I’ve been eating them with strawberries and lime, blitzing them into smoothies, making salsa, throwing dried mango into my granola and eating it with the fresh stuff. If there’s a way to eat a mango, I am doing it. I’m like Bubba in Forrest Gump…but with mango. 

I usually enjoy my mangoes raw, but today I’m switching it up a little bit with this Mango Upside-Down Cake! It’s a soft brown sugar cake topped with thinly sliced mango and a simple brown sugar caramel. It’s super easy and perfect for entertaining this summer. 

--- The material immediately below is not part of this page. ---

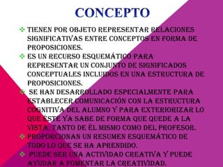 Los mapas conceptuales son herramientas esquemáticas que representan relaciones significativas entre conceptos para facilitar la comunicación con la estructura cognitiva del alumno. Ayudan a los estudiantes a visualizar conceptos, identificar relaciones y a construir proposiciones significativas, lo que potencia su aprendizaje al conectar nuevos conocimientos con lo que ya saben. Este proceso fomenta una comprensión más profunda al permitir la revisión y enriquecimiento del conocimiento existente.

Since this cake is served upside-down, the mangoes are baked underneath the cake batter. This recipe starts with melting butter and dark brown sugar together until the sugar is no longer grainy. Once this happens, take the mixture off the heat, stir in some salt, and spread it over the bottom of the pan. Top the mixture with an even layer of thinly-sliced mango, cutting small pieces to fill in any large gaps.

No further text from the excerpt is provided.